Retrieved the next morning, Bella is doing well after becoming extremely ill and having been placed on antibiotics by her vet for an extended period.
The county kennel has a euthanasia rate of nearly 40%; for every animal taken in by the county and adopted out, others are killed in their place.
In a separate public records request, the Bay Village Police Dept. responded with a 29-page list dated 7/20-8/29 that contained all animal related calls, some 102 total. Of these, 52 individual dogs, 10 cats and 6 miscellaneous animals-at-large/strays were reported. Also filed were 13 various animal complaints and 12 injured or dead animals reports.
Equally telling was the report made on 8/1/11 by an officer who had just been to the Bay Village kennel and stated that there was “an accumulation of feces in the dogs runs and it appears the place has not been cleaned since the ACO left."
It is now a temporary "way-station" while waiting for the county to pick up any strays at the direction of the mayor and council.
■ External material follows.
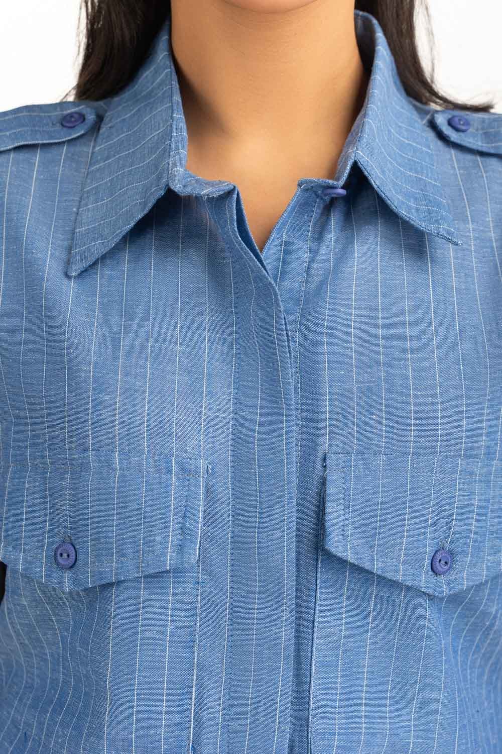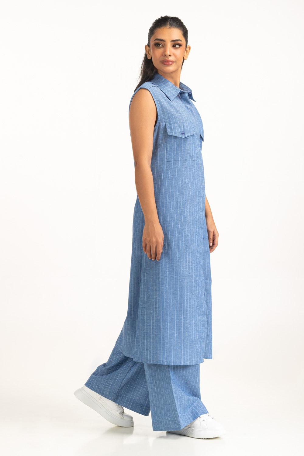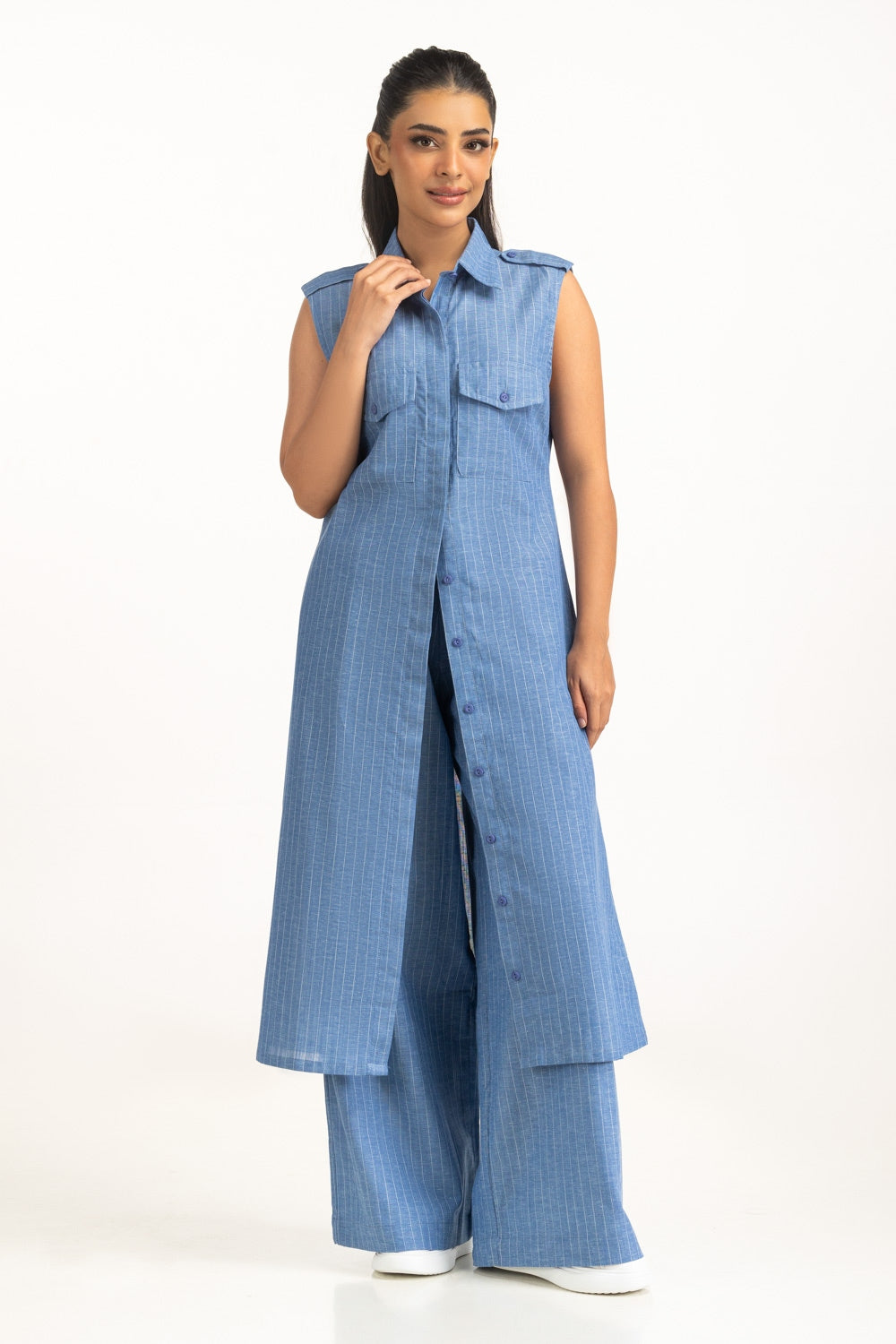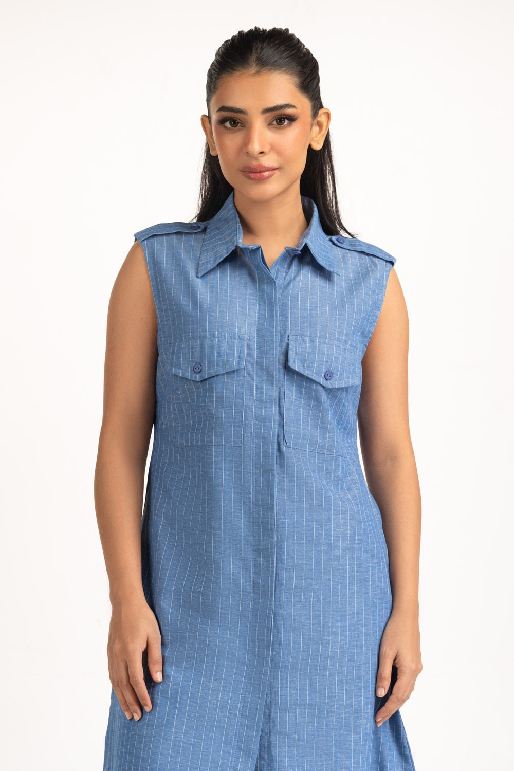 A minimalist take on casual elegance, this pin-stripe dress features a sleek silhouette with a button-down front. The front pockets adds functionality while keeping the design chic and breathable.

What became of the other reported strays? Some came home of their own accord, some were returned to their owners by caring BV neighbors and some have not been recovered.
The city has increased its risk of a lawsuit for negligence for lack of proper animal control should a serious dog mauling incident occur. One such case happened recently in Washington state, where Pierce County was found partly to blame for a dog attack because officials took no action after numerous complaints about the animal.
These facts should satisfy anyone who had doubts of a need for an ACO and a new Bay Village Kennel, which was in the process of being provided at no charge to the city by private donors prior to the sudden decision by the mayor and council to eliminate the ACO position, after having just said in a June 7 meeting that "outsourcing [of Bay animals] was off the table." (listen to the meeting at friendsofbayvillagekennel.com).
The failure of the mayor and council to accept that accidents do indeed happen, that electric containment fences fail, tethers break, kids open doors and pets escape, is clear. We suggest people remember this at election time.